Task brief: Everything from the first line of the material to the line containing "为全面利用精美屏幕量身打造,天气 App 为", inclusive, must be given again exactly; no pictures, and nothing past that line.

[Provided data Boundary: Start]

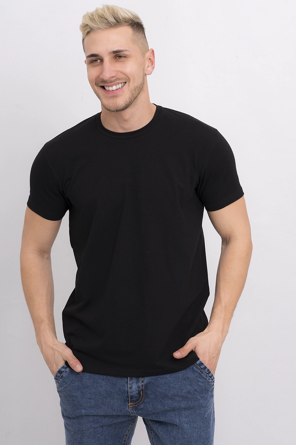 Esta remera básica de lycra es un esencial en tu guardarropa. Con un escote redondo y mangas cortas, es perfecta para cualquier ocasión.
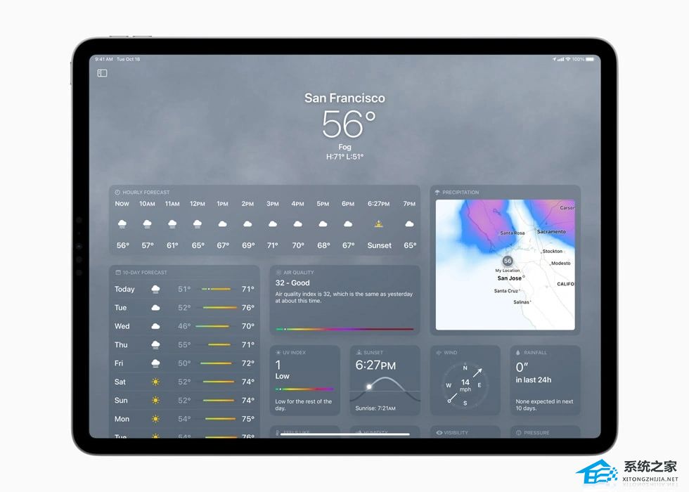 为全面利用精美屏幕量身打造,天气 App 为 iPad 带来沉浸式动画、细节丰富的地图和可轻点互动的天气预报模块。只需轻轻一点,用户就可查看最关键的天气信息,也可以通过其中的地图来查看降水、空气质量和温度。用户会在所在地区发出恶劣天气警报时收到通知,也可以通过颜色编码来查看空气质量等级。
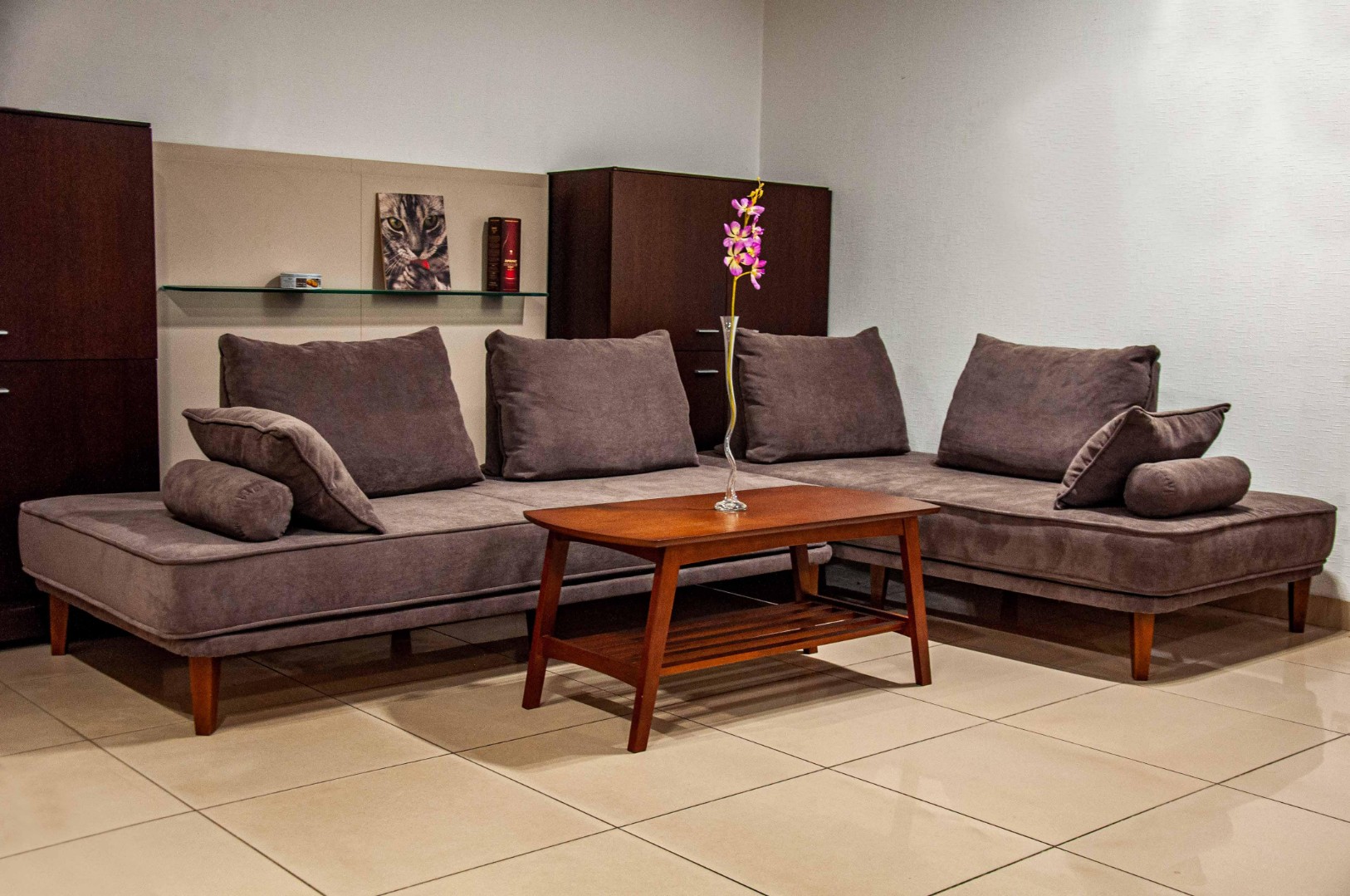 Простые выверенные формы в сочетании с большой глубиной сиденья и большими размерами модулей придают "Бродвею-1" необычайную пространственность и кажущуюся необъятность. А мягкие пуховые подушки располагают к уютному и комфортному отдыху. Нестандартное решение спинок выполняют каркасные подушки, валики служат альтернативной заменой подлокотникам.
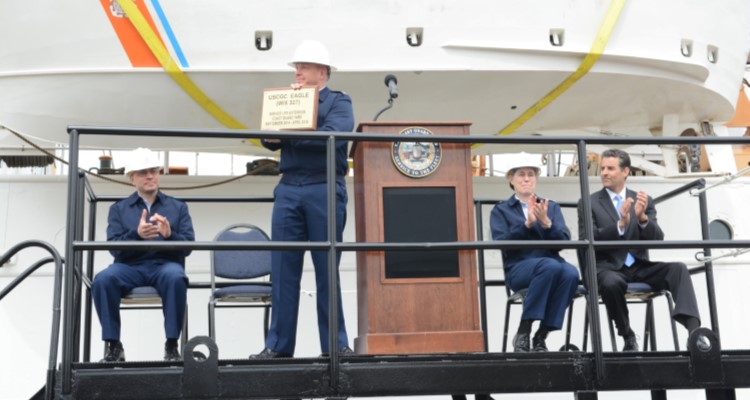 The Coast Guard marked the completion of the service life extension project (SLEP) for the barque Eagle with a ceremony at the Coast Guard Yard in Baltimore April 24. Speakers included Capt. Matthew Lake, commanding officer of the yard; Capt. Matthew Meilstrup, commanding officer of Eagle; Vice Adm. Sandra Stosz, deputy commandant for mission support; and U.S. Representative John Sarbanes.
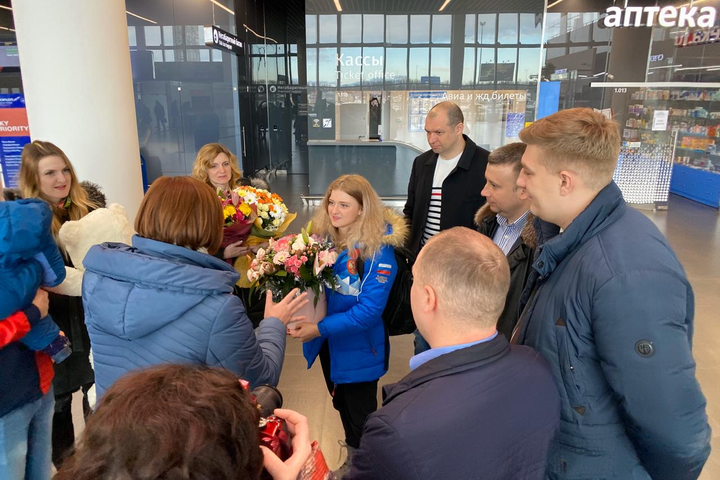 С цветами и подарками в аэропорту «Гагарин» победительницу торжественно встретили мама спортсменки — прославленный саратовский тренер Екатерина Халиуллина, исполнительный директор областной федерации биатлона Сергей Литяк, председатель комитета по спорту и молодежной политики областной Думы Дмитрий Пьяных, заместитель министра спорта области Андрей Абрашин, а также близкие и друзья.
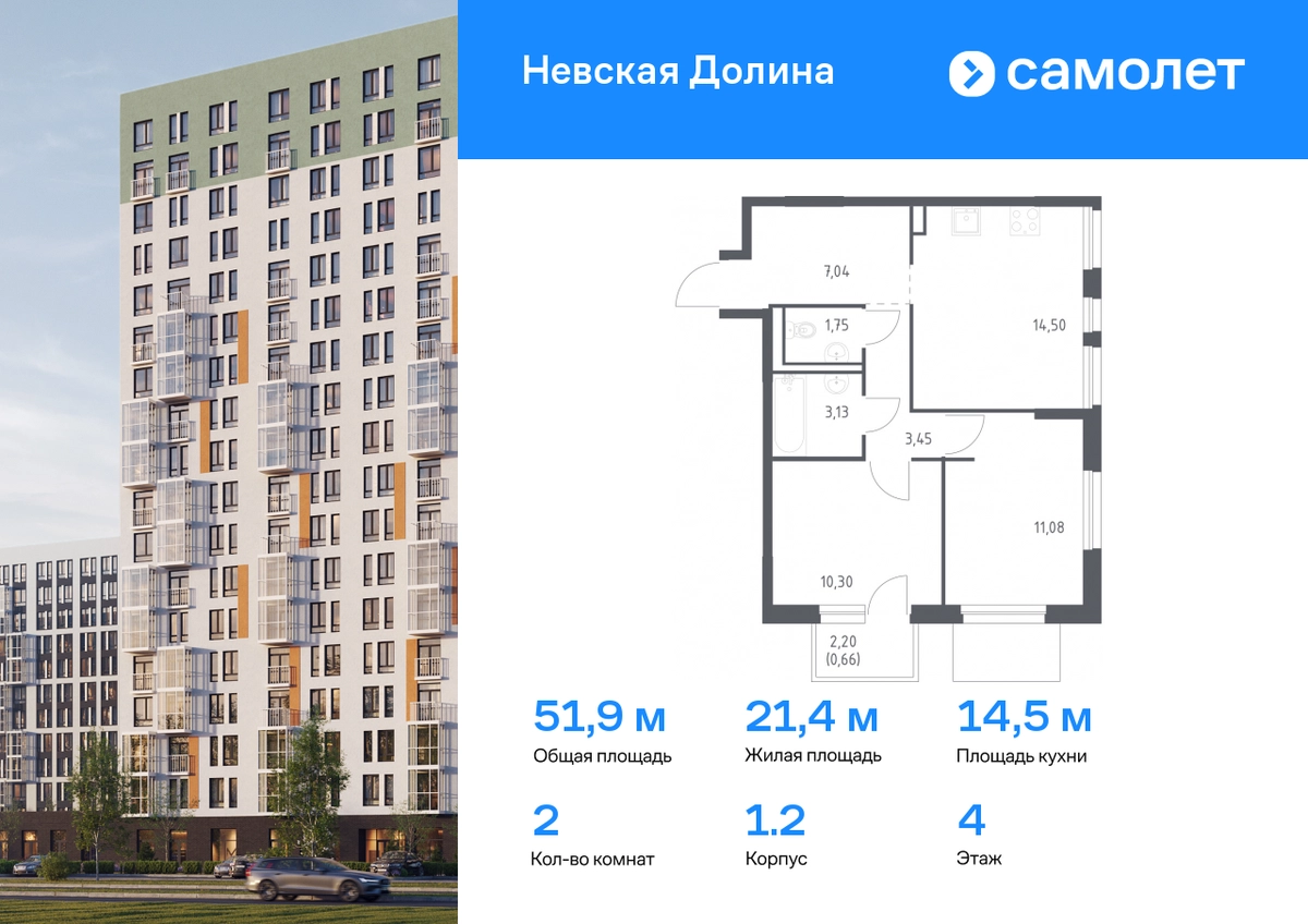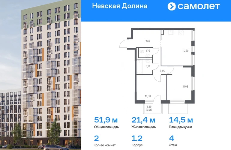 Строим кварталы для жизни с заботой о будущем. Предлагается 2-комнатная квартира комфорт-класса 51,91 кв.м в корпусе 1.2 на 4 этаже, в ЖК «Невская Долина» Квартира без отделки. Доступность опции «отделка» и возможность комплектации мебелью и декором уточняйте у застройщика. Приобрести квартиру возможно по специальным акциям от застройщика, с текущими условиями акций можно ознакомиться в блоке «Акций». Цена динамическая и может отличаться, уточняйте актуальность у застройщика. «Невская Долина» — зеленый холст для вашей жизни с уникальными палисадниками, садами и уютными уголками для отдыха. Всего в 5 минутах на машине — КАД, рядом — Большой Обуховский мост. До центра Петербурга — 35 минут на авто, до метро «Пролетарская» — 15 минут, до аэропорта Пулково — 30 минут. Комплекс находится на правом берегу Невы, рядом с Невским лесопарком, «МЕГА Парком» и парком развлечений. Скоро во дворе комплекса построят 4 детских сада и 2 школы. Рядом уже есть магазины «Дикси», «Магнит», пункты выдачи и аптеки. На первых этажах будут кафе и минимаркеты, откроется медицинский центр и физкультурно-оздоровительный комплекс. Архитектура домов сочетает в себе современность и функциональность — фасады украшены большими окнами, лоджиями, обычными и французскими балконами. В «Невской Долине» есть сады плодовых культур, игровые и спортивные зоны, 11 многоуровневых паркингов.#yan19-2r1555003#О застройщике
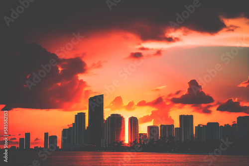 Naklejka premium Miami at sunset. Miami Beach South Beach, Florida, colorful skyline. Buildings with hotels and apartments near coastline near ocean. Sea at sunset. Ai Generative illustration
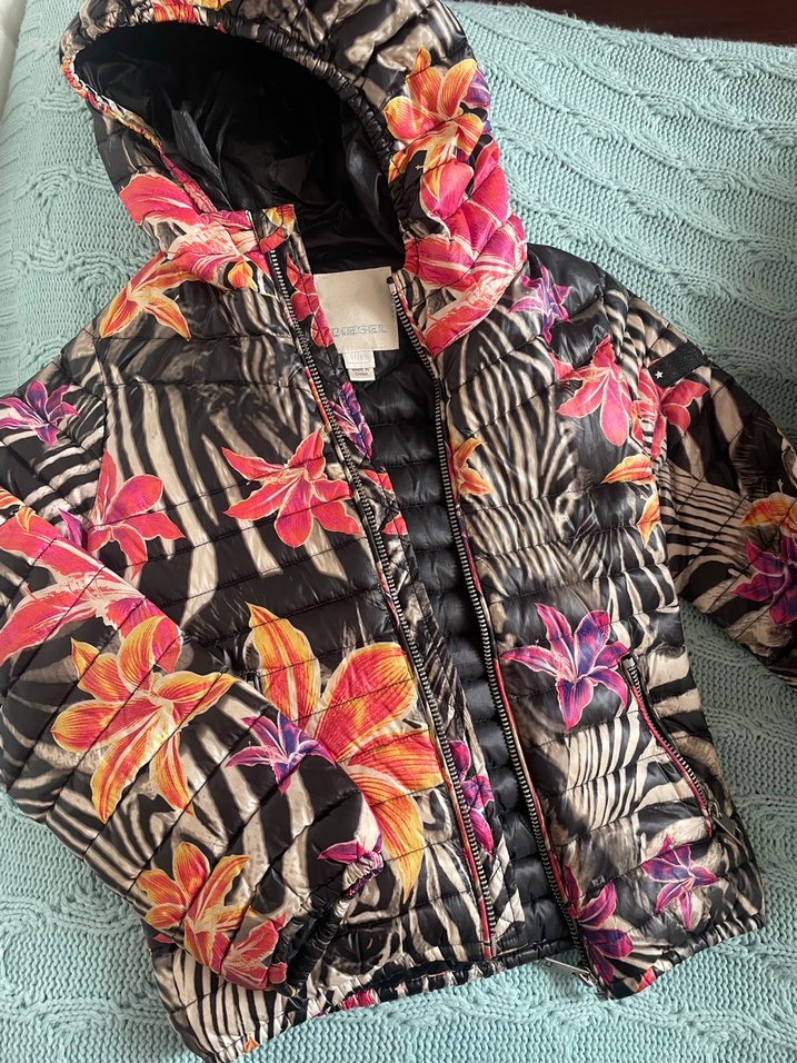 Kapüşonlu, uzun kollu, bohem tarzda, zebra desenli ve canlı çiçek detaylı, kürklü, normal uzunlukta kadın mont. 6 yaş çocuk
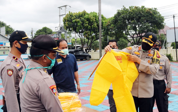 MAJALENGKA, SC- Kapolres Majalengka, AKBP Dr. Bismo Teguh Prakoso, menyerahkan bantuan baju Alat Pelindung Diri (APD) dan masker kepada Kabag Ops Polres Majalengka Kompol Manapin Pardede, S.H., kemarin.
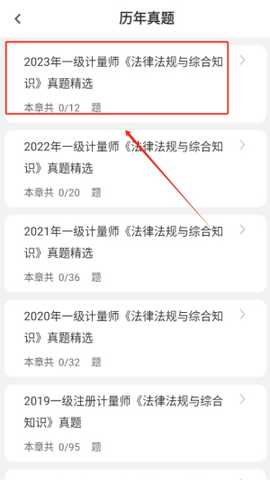 进入历年真题部分,这里汇集了最近几年的考试题目,提升答题能力和应试技巧。
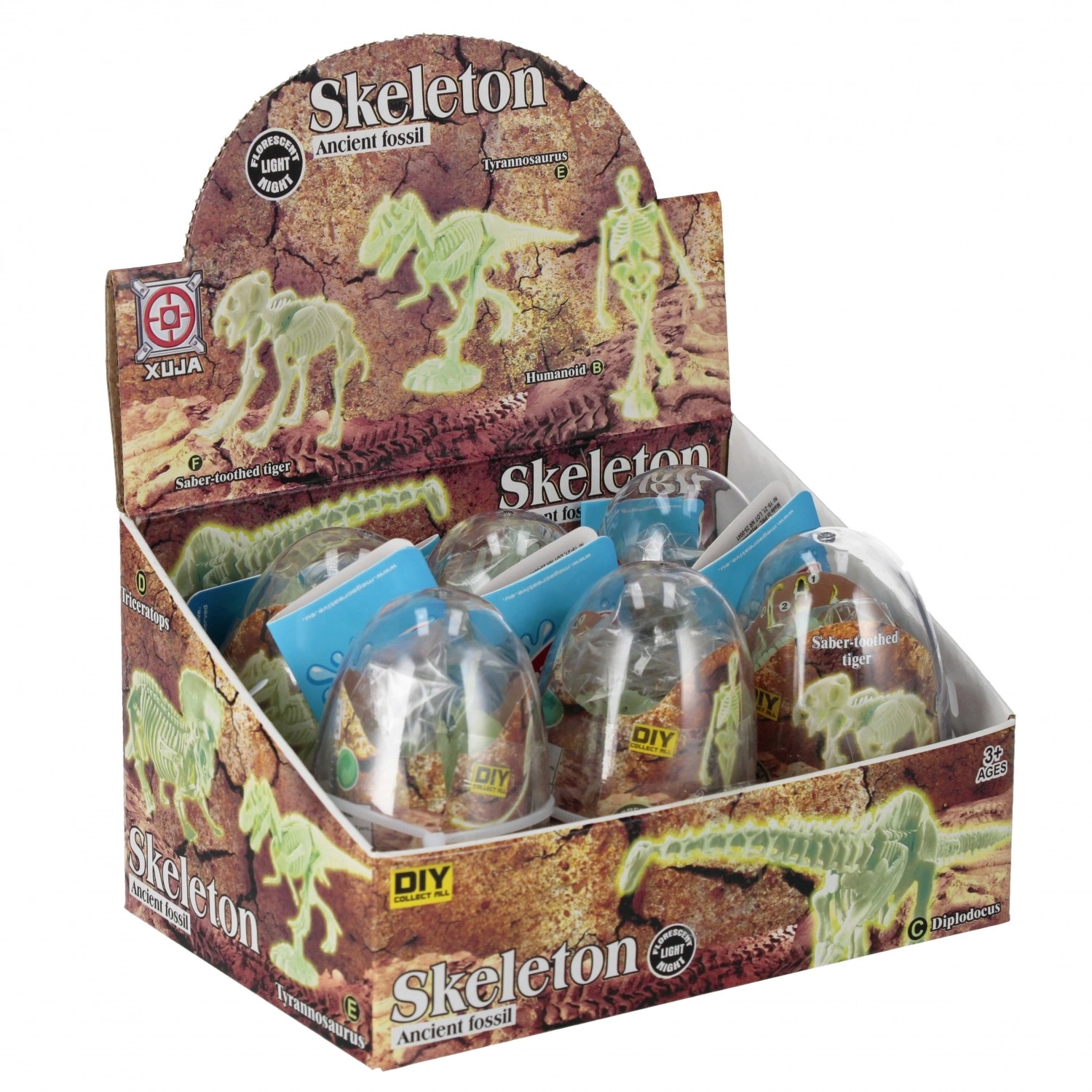 Het fluorescerende effect van het skelet brengt elk kinderavontuur tot leven. Even opladen met licht en kijk hoe het model na het donker gloeiert.
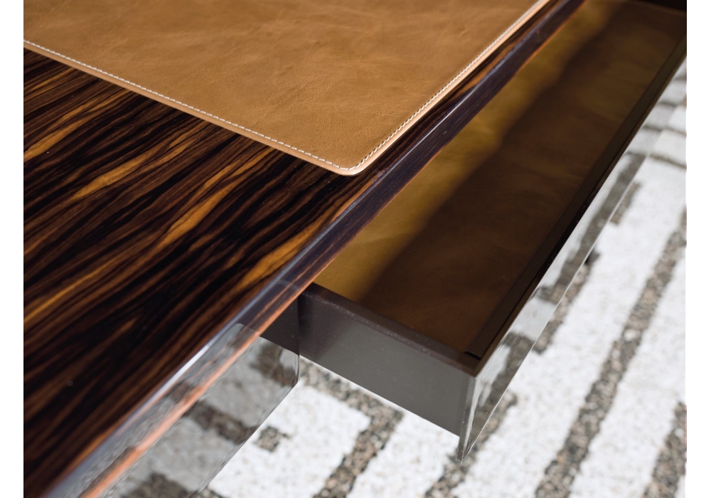 William designed by Giuseppe Viganò for Longhi is a desk with wooden or glossy lacquered structure and metal base. Desk top and inside drawers covered in leather. Choice of marble or leather handles.

[Provided data Boundary: End]

Task response:
 Esta remera básica de lycra es un esencial en tu guardarropa. Con un escote redondo y mangas cortas, es perfecta para cualquier ocasión.
 为全面利用精美屏幕量身打造,天气 App 为 iPad 带来沉浸式动画、细节丰富的地图和可轻点互动的天气预报模块。只需轻轻一点,用户就可查看最关键的天气信息,也可以通过其中的地图来查看降水、空气质量和温度。用户会在所在地区发出恶劣天气警报时收到通知,也可以通过颜色编码来查看空气质量等级。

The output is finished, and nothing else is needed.